After all that time and struggle, we did not end up pursuing the hike. Instead we drove out of the park by another gate, took washboard farming roads in a big loop, came back into the park on the salient side, drove by buffalo herds and jumpy wart hogs and graceful waterbuck, then climbed back to the alpine meadows from the other side. As we drove each day we had periods of gathering clouds, driving rain, and pounding hail. Real ice, falling from the sky here near the equator, piling in little white frozen drifts on the roadside. It was cold. Very cold. But then the rain would stop and patches of blue would open up again.
We read books and listened to a sermon, cooked great meals, made up stories. As we left Sunday we hiked to a spectacular serious of waterfalls, the Karungu Falls, plunging hundreds of feet over sheer rock, splitting the steep jungle.

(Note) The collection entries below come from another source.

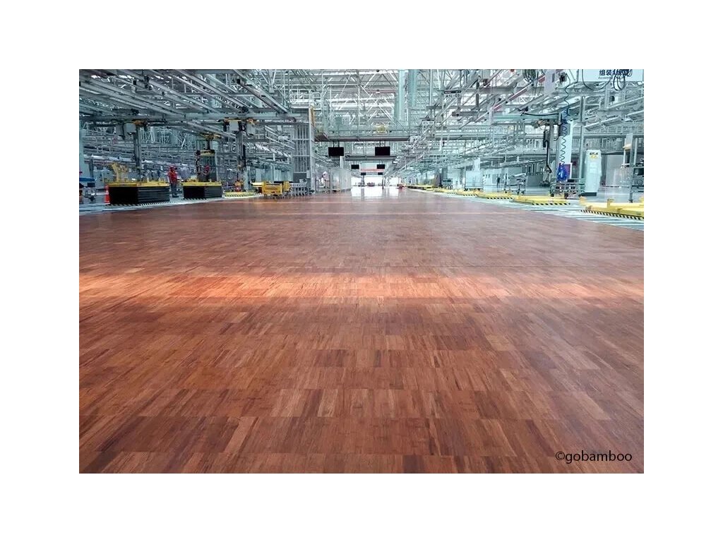Podlahové dosky Bamboo Flooring Industrial pozostávajú z mnohých krátkych, pevných bambusových pásikov. Vďaka veľkému množstvu krátkych, pevných bambusových pásikov dokáže táto podlaha zvládnuť obrovskú váhu a absorbovať veľmi veľké nárazy. Táto podlaha je špeciálne navrhnutá na bezproblémovú inštaláciu na veľkej ploche.
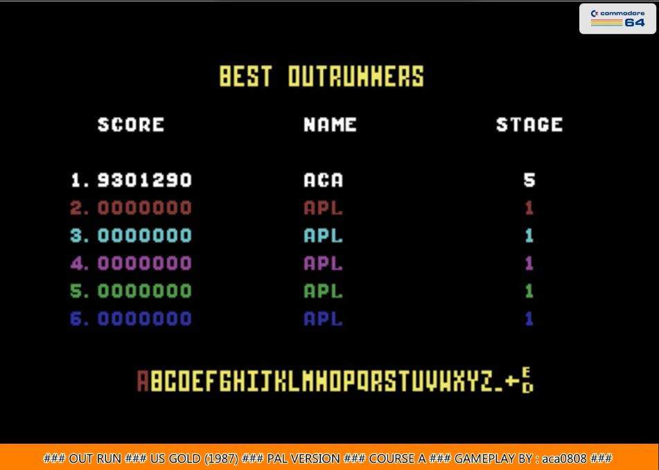 Must be played on the European version (released by US Gold). This version is identified by not having a course selection screen. Courses are normally loaded by selecting them from the tape or disk manually, unless a cracktro works around this limitation. This version also has no yellow color in the player's car / passengers sprites (unlike the US version). European version normally also doesn't offer a map overview with distance driven at game over, while the US version does. (although beware that the Lurid & Tricycle hack ported this feature from the US release over to the European release) Be careful of the following: It can happen during game play that the game skips Stage 4 or awards you a double bonus when finalizing the Stage 5 (end of game bonus). All these runs, no matter if done on purpose or by accident, will be disqualified (even after they have been accepted by voters). It can also happen that you don't get enough bonus at the end of Stage 5. You are allowed to add the correct amount of bonus to your final score when this happens (see i.e. Stevengton score EMU PAL Course A). SO VIDEO GAMEPLAY IS MANDATORY. Do not play this on the Lurid & Tricycle hack, because this hack has some oddities that other versions do not suffer from. This version can be identified by having 8 digits in the score (both in game and on the game over leaderboard). This should be 7 digits always. |
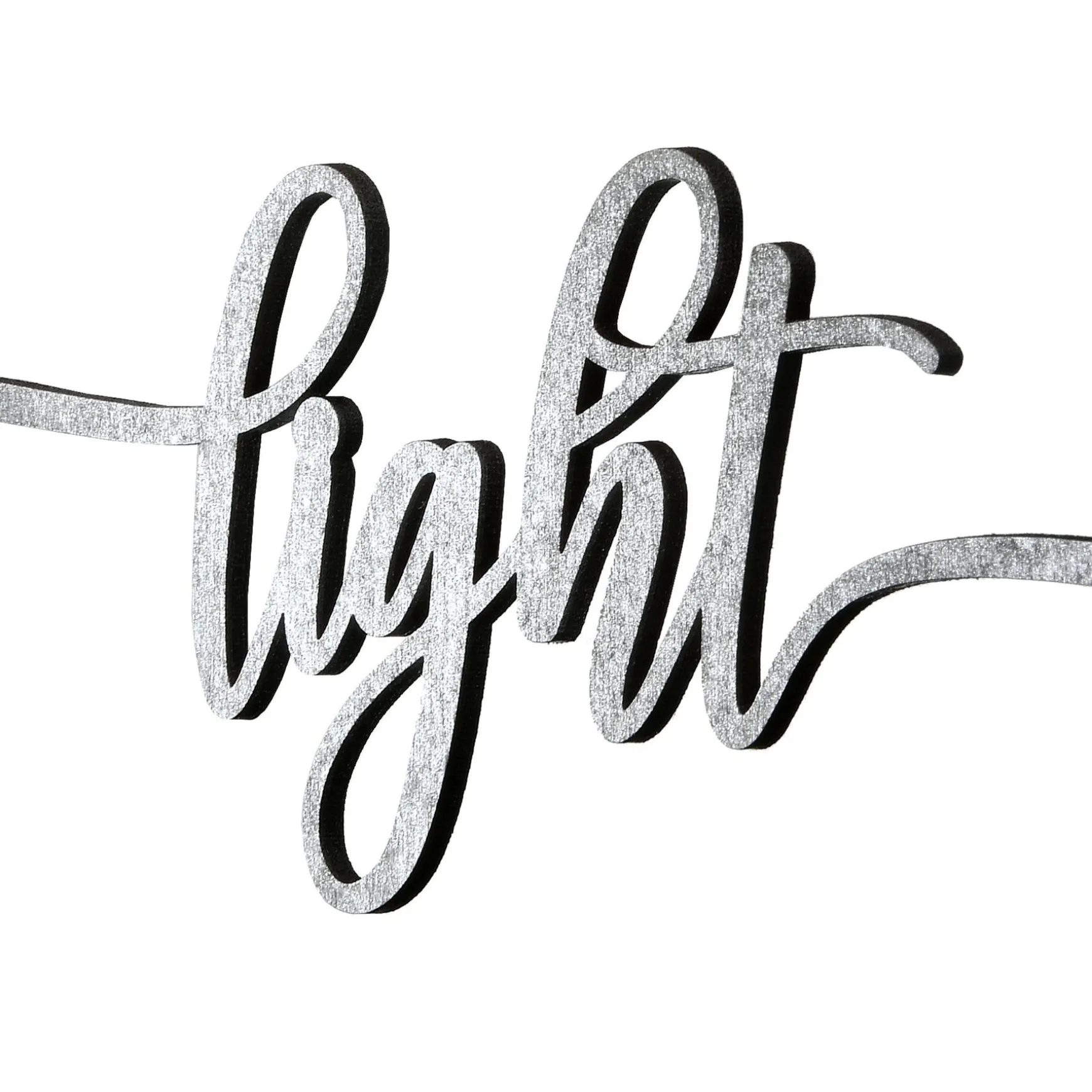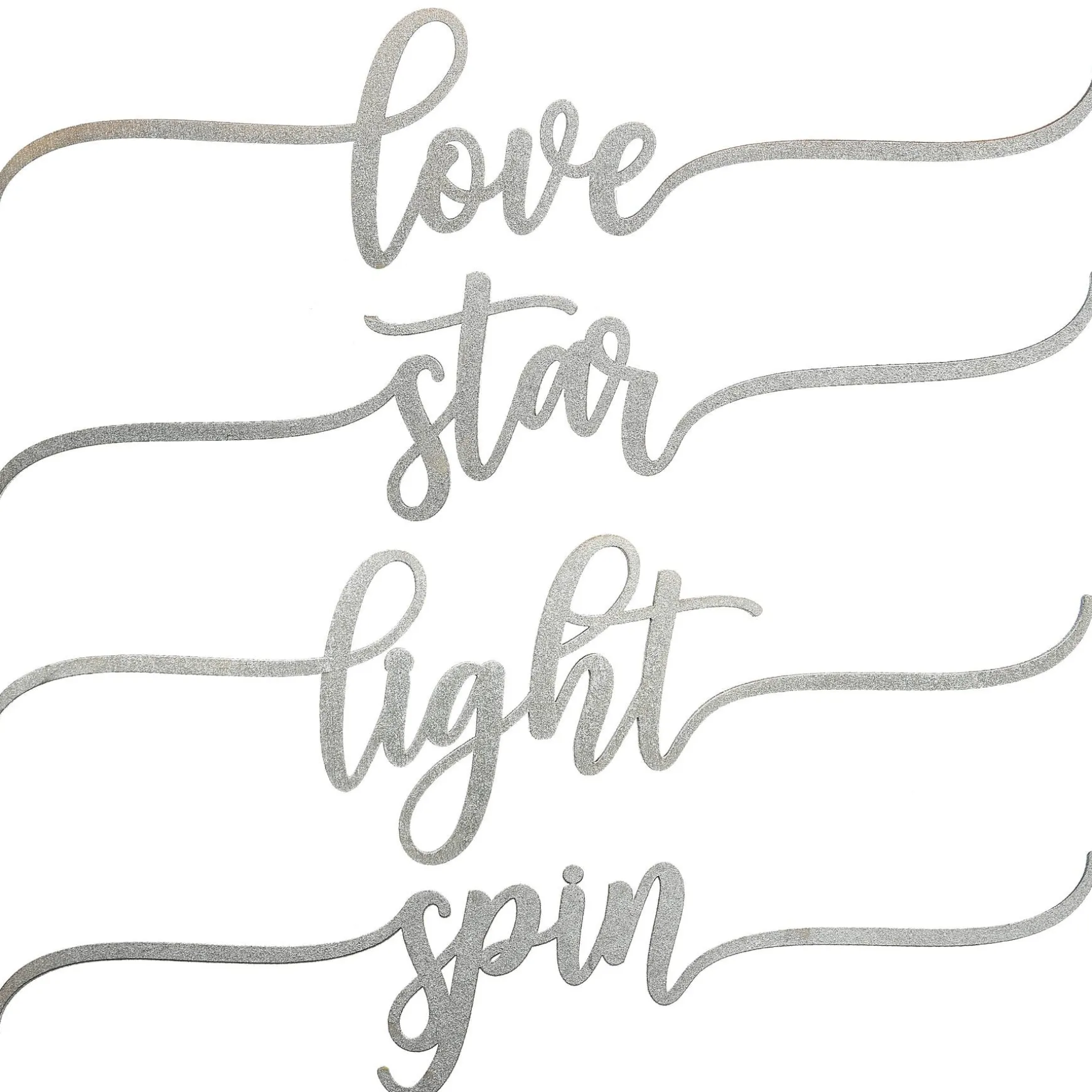 - These Fantastically Festive Decorative Place Settings Features “Love”, “Star”, “Light” And “Spin” In Shiny Silver Curly Script Lettering
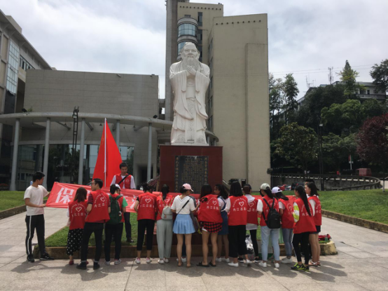 活動首先在師范學院天一廣場舉行了志愿者簽名活動,隨后,大家提上塑料袋沿師院外親水步道往清溪濕地公園方向,清掃沱江河畔白色垃圾。雖烈日當頭,汗流浹背,卻未能阻擋我們前進的步伐,懷揣著對母親河的熱愛,我們志愿從小事做起,從自身做起,弘揚五四精神,爭做優秀青年。
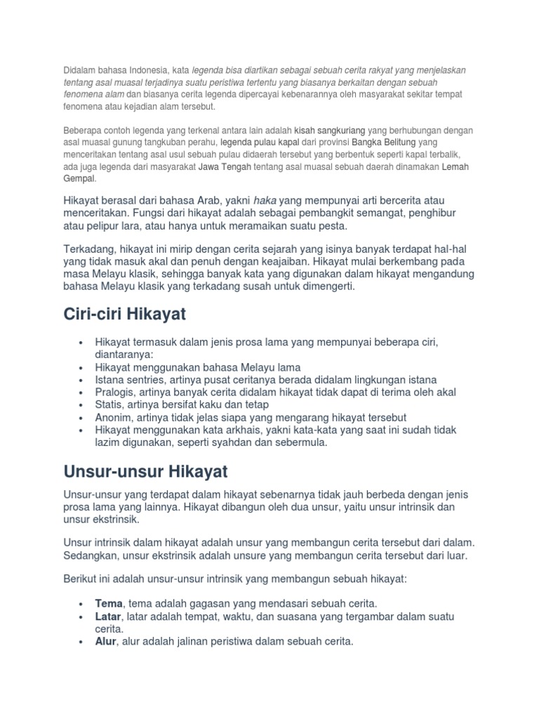 Kumpulan Contoh Hikayat Beserta Unsur Iintrinsik Dan Unsur
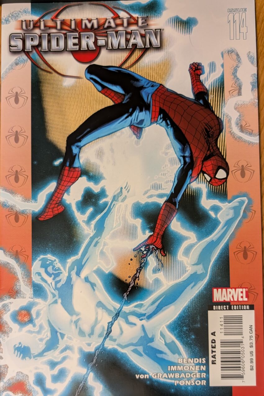 I took this picture for a very specific reason that won’t pay off for years. That’s just how it goes sometimes. Spidey sees evidence that someone is in the house, and then someone emerges from the bathroom toweling off, but it’s Electro. Neither of them is too happy about this development, but now they gotta fight, it’s in the contract. Electro powers up and Spidey is dodging electricity all over Norman’s place. Meanwhile…

It was truly an out-of-time experience, the alpine world seeming farther away than would be possible on a short drive. My "love language" is quality time, so a weekend campout with my kids (most of them) is a huge gift to me. I returned to the sheer stress of the ICU, three babies with overwhelming infections have died in the last two weeks, the struggling nights I had spent seeming to be for nothing. Grieving families and blood and CPR drain life, and I am thankful for an African alpine weekend of restoration.